INTERVISTA al COLLETTIVO SALENTINO: “Vogliamo farvi ballare, scalzi e con la birra in mano!”

collettivo_salentino_la_spina_dell_orata_front_cover

Oggi su All Music Italia vi facciamo conoscere meglio un progetto, o per meglio dire una band 2.0, nata circa un anno fa dal sodalizio artistico di quattro differenti personalità del mondo della radio e della musica. Cosa li accomuna? L’amore per la proprie origini, che si radicano in una delle terre più calde e colorate d’Italia: loro sono il Collettivo Salentino e quest’estate vi faranno divertire col nuovo spassosissimo singolo, La spina dell’orata.

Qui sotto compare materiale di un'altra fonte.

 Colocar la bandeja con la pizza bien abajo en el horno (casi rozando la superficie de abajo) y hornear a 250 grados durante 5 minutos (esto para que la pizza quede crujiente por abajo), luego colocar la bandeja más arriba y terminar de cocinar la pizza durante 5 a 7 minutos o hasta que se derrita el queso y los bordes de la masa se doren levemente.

Un brano buffo e orecchiabile – il terzo realizzato dal Collettivo, dopo Cchiappa lu zinzale Natale in Salento a riprova della fortunata collaborazione tra i quattro amici, capeggiati dal vocalist Carlo “Carletto” Nicoletti, speaker di RTL 102.5 e nostro ospite dell’intervista odierna. Non vogliamo anticipare altro, ne leggerete delle belle!

Ciao Carletto, benvenuto su All Music Italia!
Partiamo subito con le presentazioni. Ti va di raccontare ai nostri lettori cos’è questo Collettivo Salentino?

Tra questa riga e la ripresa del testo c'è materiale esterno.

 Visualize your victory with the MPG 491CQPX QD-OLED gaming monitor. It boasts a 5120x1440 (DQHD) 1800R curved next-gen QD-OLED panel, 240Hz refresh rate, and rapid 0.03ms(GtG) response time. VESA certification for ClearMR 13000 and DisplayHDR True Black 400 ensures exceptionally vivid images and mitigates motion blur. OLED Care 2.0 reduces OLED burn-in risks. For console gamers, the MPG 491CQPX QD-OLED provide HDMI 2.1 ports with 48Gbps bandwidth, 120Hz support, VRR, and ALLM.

Ciao, certamente! Il Collettivo Salentino è un progetto musicale, siamo in quattro a farne parte: ci sono io, Carlo Nicoletti detto Carletto, speaker e deejay di RTL 102.5, nato e cresciuto a Firenze, ma legato al Salento per via dei miei genitori originari di lì; Fernando Proce, mio collega di radio, anche lui speaker e deejay come me; infine, i fratelli Carlo Nicco Verrienti, autori e produttori musicali, che tra gli altri, han scritto per VendittiAlessandra Amoroso, Dear JackEmma, Renga

E come vi siete incontrati voi quattro?

No, non ci siamo incontrati! Dunque, Carlo Verrienti lavora anche nel mondo del calcio e io lo conoscevo già, tramite mio fratello (Costantino Nicoletti, manager sportivo e agente di calciatori, ndr). Ci siamo trovati 6 anni fa, una volta a cena a Firenze, e lui mi aveva parlato del fratello Nicco, col quale ci siamo poi scambiati l’amicizia su Facebook e ci siam tenuti in contatto a distanza. Così, un anno fa è arrivata l’idea dei fratelli Verrienti di registrare la canzone Cchiappa lu zinzale, il nostro primo singolo: è stata prodotta così per divertirci, ma poi è diventata popolarissima. Pensa che hanno iniziato a suonarla pure nelle sagre!

Immagino, Cchiappa lu zinzale è proprio il brano che vi ha lanciato la scorsa estate. 

Sì, è stata la cosa più ganza che potessimo realizzare, eravamo consapevoli che il singolo fosse forte, ma non ci aspettavamo che sarebbe esploso così, dal momento che non avevamo uno zoccolo duro di fan a diffonderlo. E invece, nel giro di una settimana, abbiamo visto le visualizzazioni del lyric video impennarsi, le radio che passano la canzone sempre più spesso… È stato fantastico!

Carletto, che vuol dire oggi essere un collettivo di artisti?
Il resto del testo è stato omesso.